_Work to be completed:_ Leave the pictures out, and print everything else in the records exactly.

_Records shown:_
· · · · · · ·
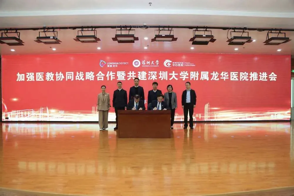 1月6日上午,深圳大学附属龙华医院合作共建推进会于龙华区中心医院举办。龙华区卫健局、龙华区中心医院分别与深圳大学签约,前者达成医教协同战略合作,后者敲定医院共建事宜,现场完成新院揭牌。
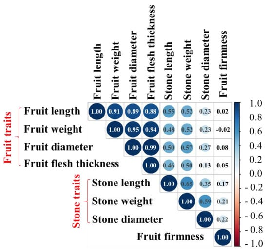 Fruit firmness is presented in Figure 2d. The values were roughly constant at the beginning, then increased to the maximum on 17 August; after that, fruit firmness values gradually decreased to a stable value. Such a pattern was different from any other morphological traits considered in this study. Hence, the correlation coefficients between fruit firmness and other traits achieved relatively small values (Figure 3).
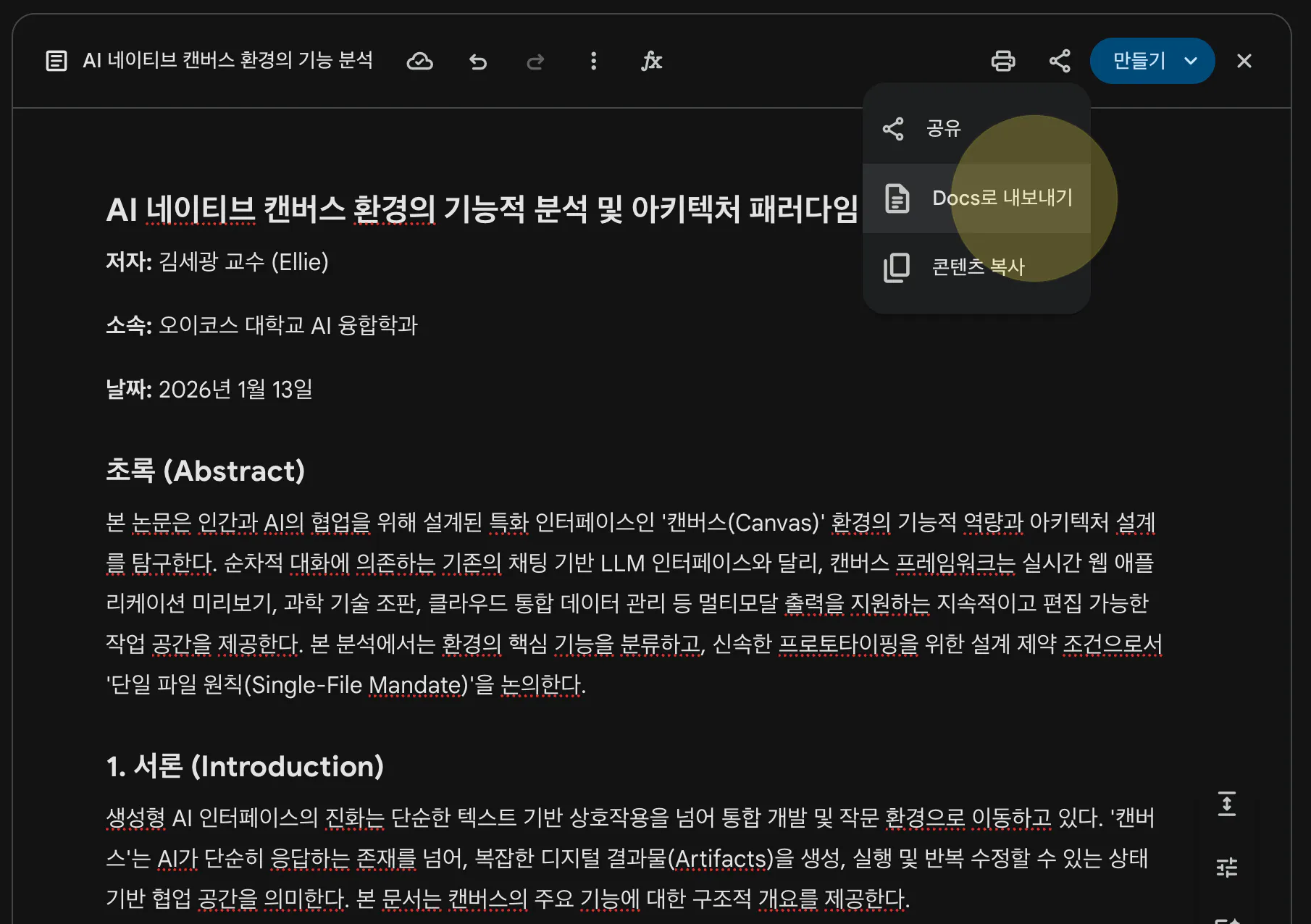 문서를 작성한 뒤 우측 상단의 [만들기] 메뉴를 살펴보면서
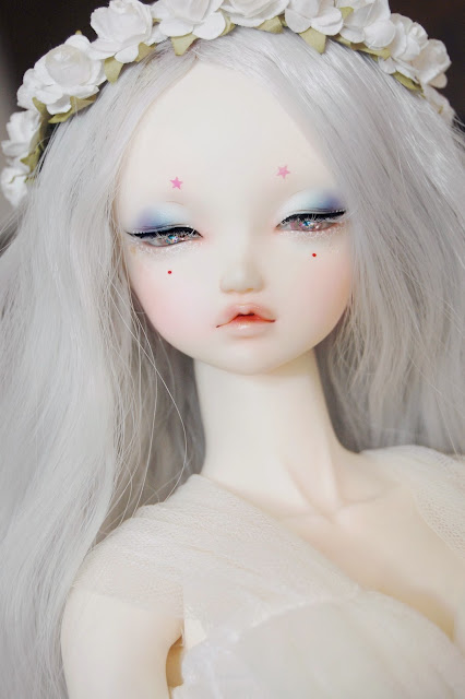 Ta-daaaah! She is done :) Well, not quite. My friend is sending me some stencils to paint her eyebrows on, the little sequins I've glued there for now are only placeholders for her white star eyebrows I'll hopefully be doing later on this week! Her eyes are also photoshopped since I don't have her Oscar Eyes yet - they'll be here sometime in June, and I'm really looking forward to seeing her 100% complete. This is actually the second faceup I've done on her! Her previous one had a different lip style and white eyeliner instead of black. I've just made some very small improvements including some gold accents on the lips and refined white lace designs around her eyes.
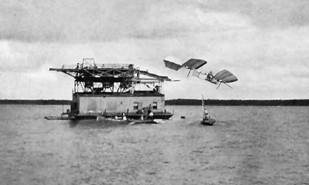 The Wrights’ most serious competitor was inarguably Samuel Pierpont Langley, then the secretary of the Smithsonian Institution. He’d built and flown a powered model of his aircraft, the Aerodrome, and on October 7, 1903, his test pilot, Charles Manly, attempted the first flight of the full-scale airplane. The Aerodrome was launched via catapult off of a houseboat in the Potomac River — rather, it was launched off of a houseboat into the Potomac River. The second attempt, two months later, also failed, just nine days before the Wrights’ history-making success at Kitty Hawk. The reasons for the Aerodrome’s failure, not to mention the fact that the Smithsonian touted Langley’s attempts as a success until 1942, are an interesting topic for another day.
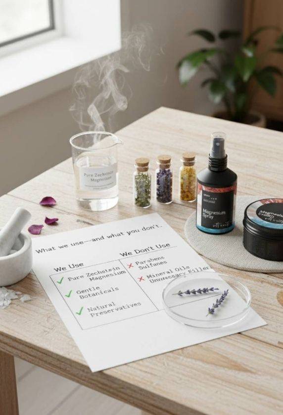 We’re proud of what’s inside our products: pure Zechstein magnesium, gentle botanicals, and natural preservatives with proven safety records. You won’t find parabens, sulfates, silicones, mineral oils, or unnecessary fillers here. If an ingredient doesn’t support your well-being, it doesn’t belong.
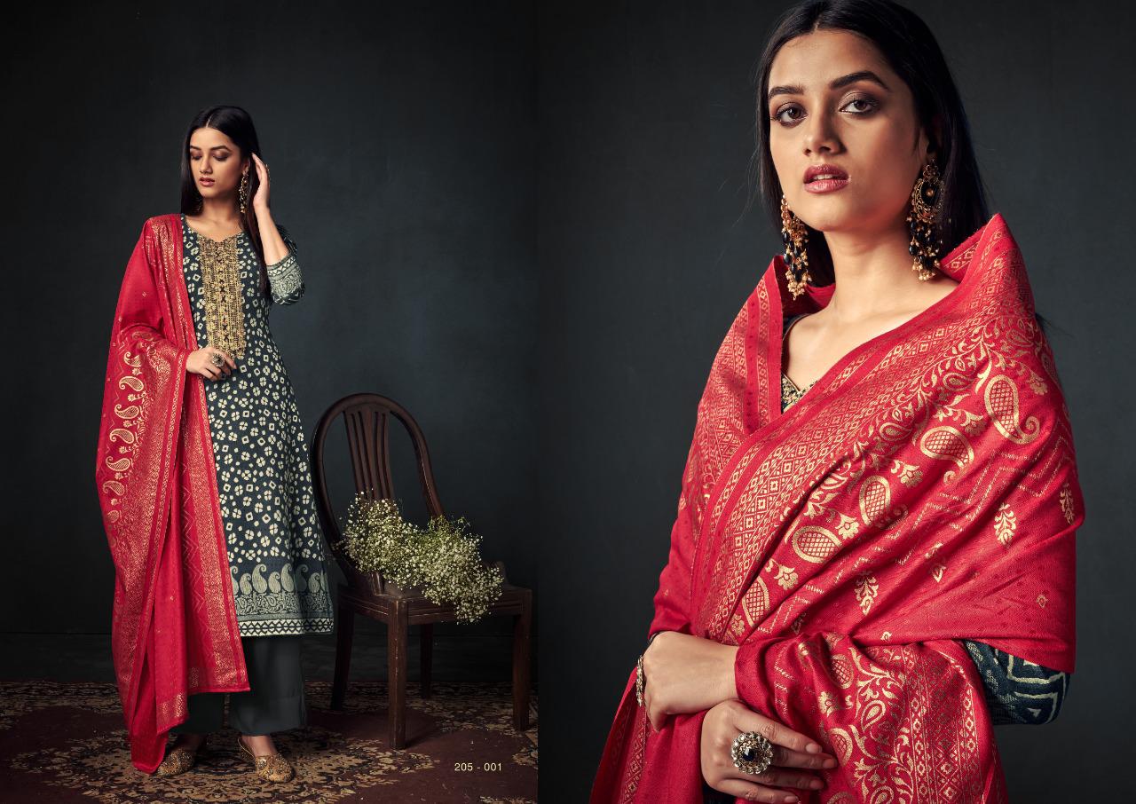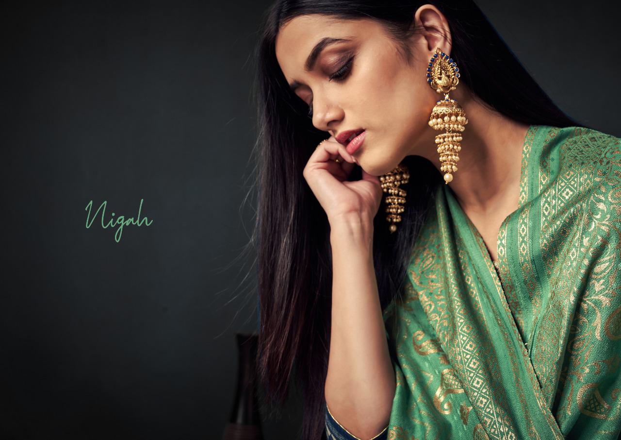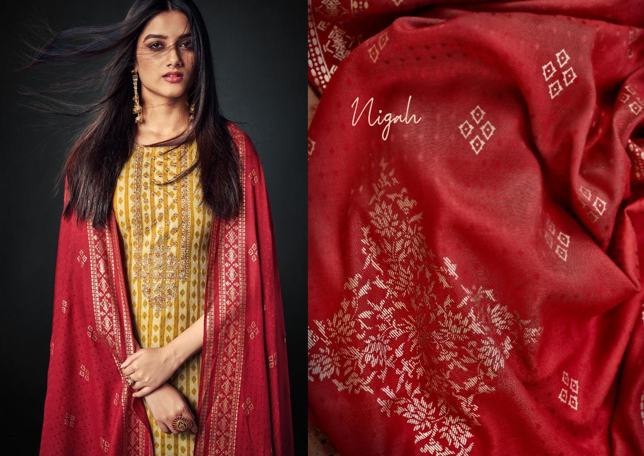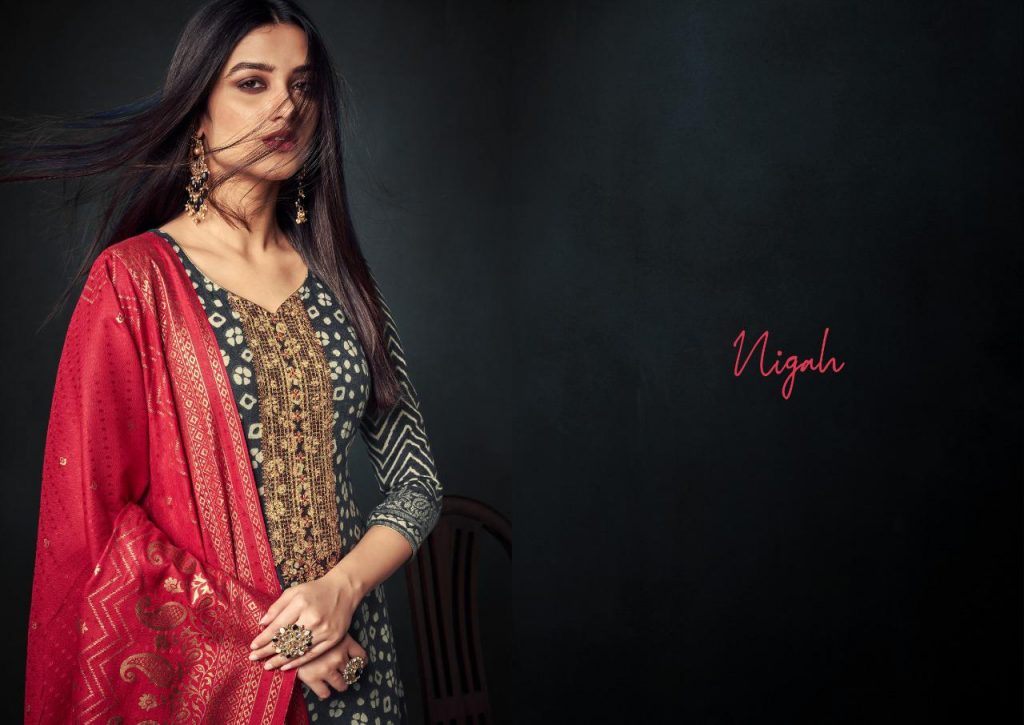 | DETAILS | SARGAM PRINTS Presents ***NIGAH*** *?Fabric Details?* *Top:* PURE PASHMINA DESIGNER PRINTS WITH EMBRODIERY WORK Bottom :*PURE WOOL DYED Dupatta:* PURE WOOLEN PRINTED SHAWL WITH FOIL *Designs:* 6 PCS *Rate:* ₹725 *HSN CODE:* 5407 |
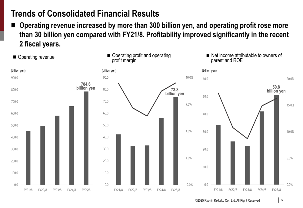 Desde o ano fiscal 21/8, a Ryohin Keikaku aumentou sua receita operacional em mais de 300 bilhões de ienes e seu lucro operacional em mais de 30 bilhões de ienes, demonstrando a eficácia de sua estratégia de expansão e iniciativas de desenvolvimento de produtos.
· · · · · · ·
_Written solution:_
 1月6日上午,深圳大学附属龙华医院合作共建推进会于龙华区中心医院举办。龙华区卫健局、龙华区中心医院分别与深圳大学签约,前者达成医教协同战略合作,后者敲定医院共建事宜,现场完成新院揭牌。
 Fruit firmness is presented in Figure 2d. The values were roughly constant at the beginning, then increased to the maximum on 17 August; after that, fruit firmness values gradually decreased to a stable value. Such a pattern was different from any other morphological traits considered in this study. Hence, the correlation coefficients between fruit firmness and other traits achieved relatively small values (Figure 3).
 문서를 작성한 뒤 우측 상단의 [만들기] 메뉴를 살펴보면서
 Ta-daaaah! She is done :) Well, not quite. My friend is sending me some stencils to paint her eyebrows on, the little sequins I've glued there for now are only placeholders for her white star eyebrows I'll hopefully be doing later on this week! Her eyes are also photoshopped since I don't have her Oscar Eyes yet - they'll be here sometime in June, and I'm really looking forward to seeing her 100% complete. This is actually the second faceup I've done on her! Her previous one had a different lip style and white eyeliner instead of black. I've just made some very small improvements including some gold accents on the lips and refined white lace designs around her eyes.
 The Wrights’ most serious competitor was inarguably Samuel Pierpont Langley, then the secretary of the Smithsonian Institution. He’d built and flown a powered model of his aircraft, the Aerodrome, and on October 7, 1903, his test pilot, Charles Manly, attempted the first flight of the full-scale airplane. The Aerodrome was launched via catapult off of a houseboat in the Potomac River — rather, it was launched off of a houseboat into the Potomac River. The second attempt, two months later, also failed, just nine days before the Wrights’ history-making success at Kitty Hawk. The reasons for the Aerodrome’s failure, not to mention the fact that the Smithsonian touted Langley’s attempts as a success until 1942, are an interesting topic for another day.
 We’re proud of what’s inside our products: pure Zechstein magnesium, gentle botanicals, and natural preservatives with proven safety records. You won’t find parabens, sulfates, silicones, mineral oils, or unnecessary fillers here. If an ingredient doesn’t support your well-being, it doesn’t belong.
 | DETAILS | SARGAM PRINTS Presents ***NIGAH*** *?Fabric Details?* *Top:* PURE PASHMINA DESIGNER PRINTS WITH EMBRODIERY WORK Bottom :*PURE WOOL DYED Dupatta:* PURE WOOLEN PRINTED SHAWL WITH FOIL *Designs:* 6 PCS *Rate:* ₹725 *HSN CODE:* 5407 |
 Desde o ano fiscal 21/8, a Ryohin Keikaku aumentou sua receita operacional em mais de 300 bilhões de ienes e seu lucro operacional em mais de 30 bilhões de ienes, demonstrando a eficácia de sua estratégia de expansão e iniciativas de desenvolvimento de produtos.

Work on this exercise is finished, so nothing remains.